III

 

 

    Je sors du poste de contrôle douanier deux heures plus tard, m’indique mon chrono. Je marche lentement… très lentement… droit comme un « i ». Note à moi-même : se faire des contacts, même s’ils sont bidons, afin de monter un dossier sur la corruption endémique des douaniers de l’astroport. Tout le monde a ses cadavres dans les placards, nul doute qu’eux aussi en ont. S’ils n’en ont pas, mon imagination fera le reste.

    Une petite synthèse de ma part derrière et hop, je leur pondrai un bel article en première page, à ces sales types !

 

    Je n’arrive pourtant pas à sourire en songeant à ce futur doux projet. Cela ne me suffit pas. Voyons voir… Ah oui, je sais ! Lors de mon séjour ici, je passerai quelques coups de fil anonymes aux Services Secrets Impériaux sur Planèteville – la glorieuse capitale de l’Empire – en me faisant pour un citoyen respectable – ce que je suis, au demeurant – qui est tombé par hasard sur des activités suspectes, pour ne pas dire rebelles.

    Et dès que je rentre, moi aussi j’alerte les SSI  sur les Résistants que j’aurais croisés ici, en même temps que je sortirai un article qui fera l’effet d’une bombe !

    À partir de là, nul doute que cette planète recevra la visite d’un ou deux croiseurs de guerre impériaux, qu’une garnison impériale s’installera et qu’une bonne vieille chasse aux sorcières sera lancée. Na ! Ça leur fera les pieds, à ces non-humains inhumains !

    Moi, mesquin ? Pas le moins du monde. C’est simplement que je me bats avec mes propres armes.

 

    Une fois dans le hall de l’astroport, je me dirige vers les files d’attente pour les taxi-speeders. Une longue demi-heure plus tard arrive quasiment mon tour. La personne devant moi, un autochtone tout poilu – je me demande même si je ne devrais pas monter un salon de coiffure dans le coin – demande à être conduit au centre-ville.

    – Ça fera vingt-cinq crédits, monsieur, lui répond le chauffeur.

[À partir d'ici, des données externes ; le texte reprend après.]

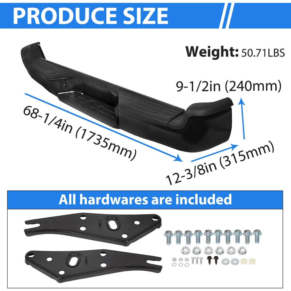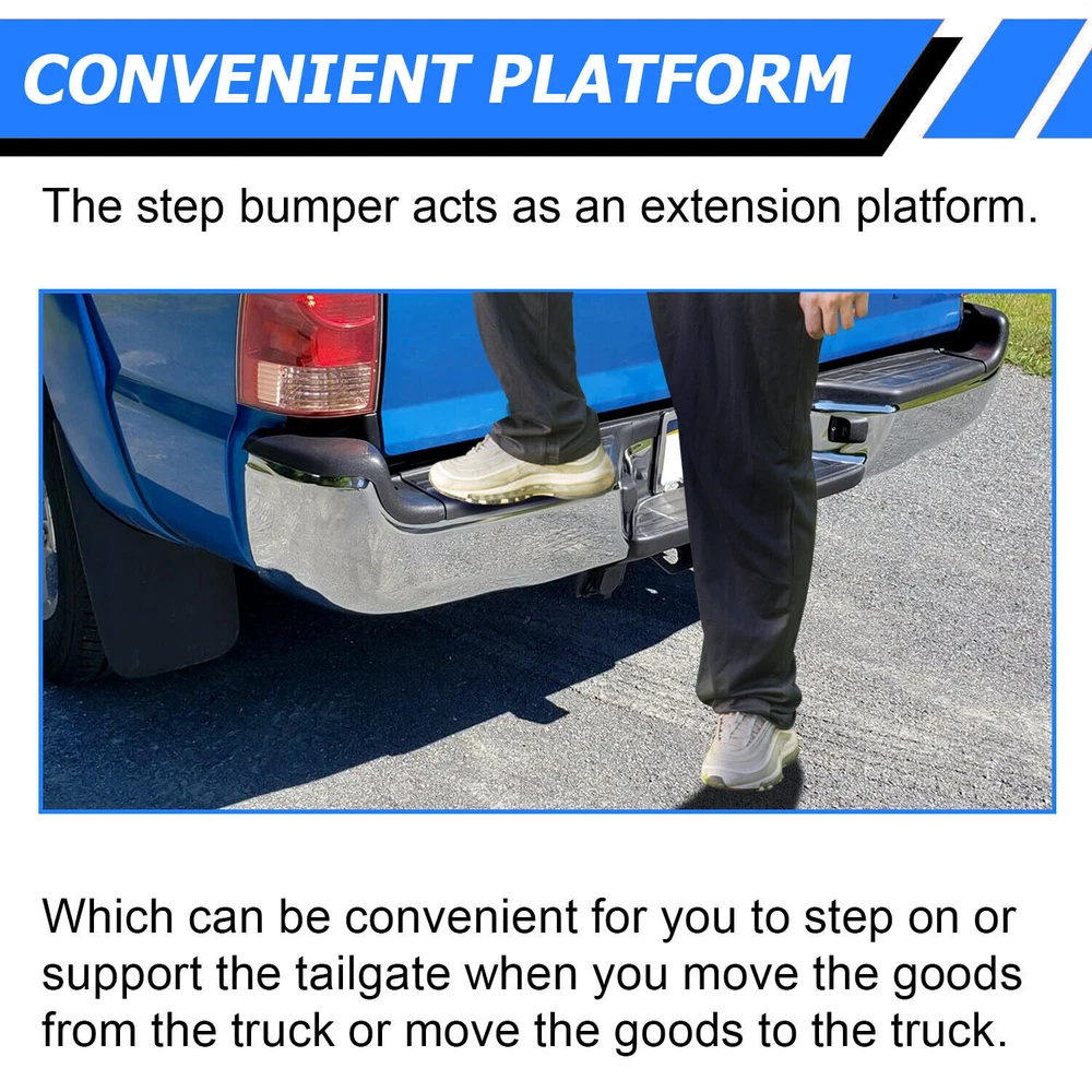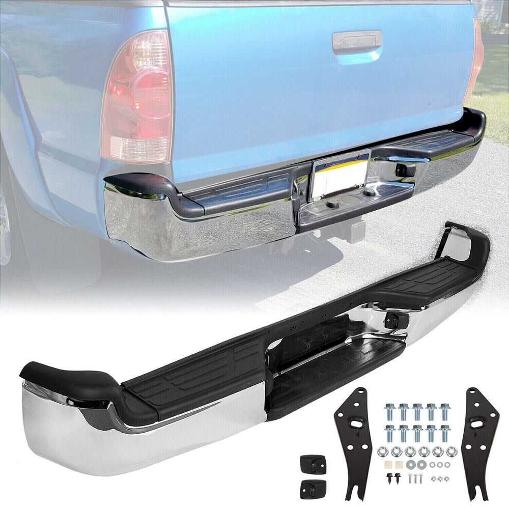 This rear bumper assembly is a perfect upgrade for any Toyota Tacoma owner! The solid steel construction feels durable, and the chrome/black finish gives it a sleek, rugged look. Installation was straightforward, and it fits like a glove on my 2012 Tacoma. The added protection and style make it worth every penny—highly recommend for anyone looking to enhance their truck’s rear end!

    Et ils s’en vont, et vient enfin mon tour avec le taxi-speeder suivant.

    Mes vingt-cinq crédits déjà prêts à la main, j’annonce au chauffeur que je vais au centre-ville. Il me scrute froidement et rétorque :

    – Cinquante crédits.

 

    Planèteville me manque.

 

    Je m’installe à l’arrière du taxi-speeder et subis des séries d’éternuements. Allons bon ! Allergie aux poils ? Quand ma peau commence à me gratter, je me demande s’il n’y a pas de poux dans l’habitacle.

    Je sors mon Ipadphone afin de noter un sujet de reportage intéressant : « Le racket des chauffeurs de taxi sur la planète P-Oilad’e ». Je commence à rédiger le témoignage aussi anonyme que fictif qui va agrémenter mon futur article, mais le chauffeur se met alors à conduire d’une manière si brusque et nerveuse que j’ai l’impression d’être revenu dans le vieux transport spatial.

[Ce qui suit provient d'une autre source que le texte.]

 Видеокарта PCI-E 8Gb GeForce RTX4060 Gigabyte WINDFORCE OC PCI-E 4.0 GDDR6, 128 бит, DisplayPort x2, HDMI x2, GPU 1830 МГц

    Si jamais il le fait exprès, qu’il continue comme ça et je vais vomir dans son taxi. Ce serait tellement bien fait pour lui que j’en viens même à espérer un déraillement de mon estomac.

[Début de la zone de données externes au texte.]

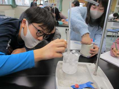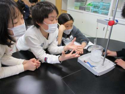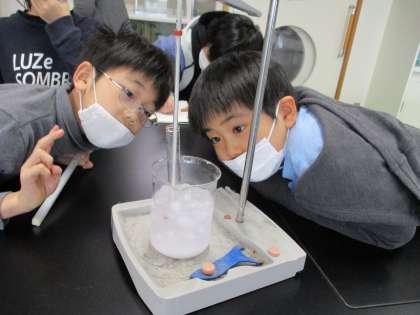 氷水と食塩を使って水を冷やす実験を行いました。「アイスキャンディをつくろう」を合い言葉に、どのように水の温度が変化し、凍っていくのか、丁寧に観察していきました。「なかなか温度が下がらなくなったよ。」「急に下がった。」など、驚きの声がたくさんあがり、実験を通してさらに疑問や課題をもてたようでした。

    Je vois qu’il m’observe dans son rétroviseur. Ce maraud le fait donc exprès pour m’empêcher d’écrire ! Qu’à cela ne tienne, sale animal, j’ai la parade ! J’active la fonction « dictaphone » de mon pad et me met à poser les grandes lignes de mon article… celui sur les douaniers, par contre, pas celui sur les taxis. Ce serait dommage de tomber du speeder. Un accident est si vite arrivé, surtout quand je vois le regard de tueur qu’il me lance maintenant.

    Ah ! Parfait, il s’est calmé ! Fini les cabrioles, il semble enfin se décider à conduire convenablement. Je continue à parler à mon pad, mais voilà que le chauffeur appuie sur un bouton et met la radio en route. À fond le son, avec une musique qu’on dirait non pas sortie d’instruments mais de personnes qu’on égorge.